ROANOKE TIMES Copyright (c) 1996, Roanoke Times DATE: Friday, July 5, 1996 TAG: 9607050095 SECTION: NATIONAL/INTERNATIONAL PAGE: A-8 EDITION: METRO DATELINE: BOSTON SOURCE: Associated Press
Body builders already believe it, and science has finally proved it: Steroids make big muscles. But researchers found no evidence that steroids make users prone to outbursts of anger known as ``'roid rage.''
The carefully controlled study showed convincingly for the first time that a few weeks of male sex hormone injections substantially beef up arms and legs and increase strength.
Men who exercised and took steroids for 10 weeks put on an average of 13 pounds of virtually pure muscle and could bench press an extra 48 pounds.

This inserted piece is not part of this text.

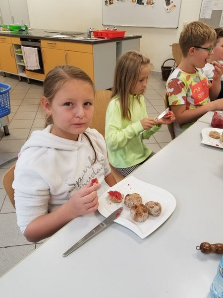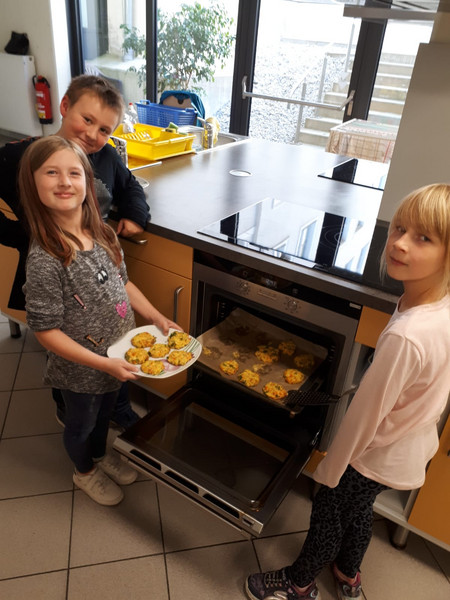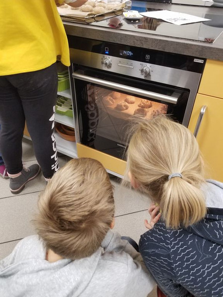 Nach entsprechender Zeit im Backofen ließen sich alle Beteiligten die Brötchen schmecken. Am übriggebliebenen Backwerk durften sich dann zu Hause die Familien der Schülerinnen und Schüler laben.

In addition, psychological tests and questioning of the men's spouses found no evidence that steroids made them angrier or more aggressive.
Steroids are widely thought to cause extreme mood swings, and people charged with violent crimes have pleaded 'roid rage as a defense.
But among steroid users who are mentally healthy, ``testosterone doesn't turn men into beasts,'' said Dr. Shalender Bhasin of Charles R. Drew University in Los Angeles. Bhasin left open the possibility that in people who are mentally unbalanced to begin with, steroids can make them worse.
Bhasin and his colleagues suggest steroids might be a good way to help AIDS patients and others whose muscles waste away because of disease.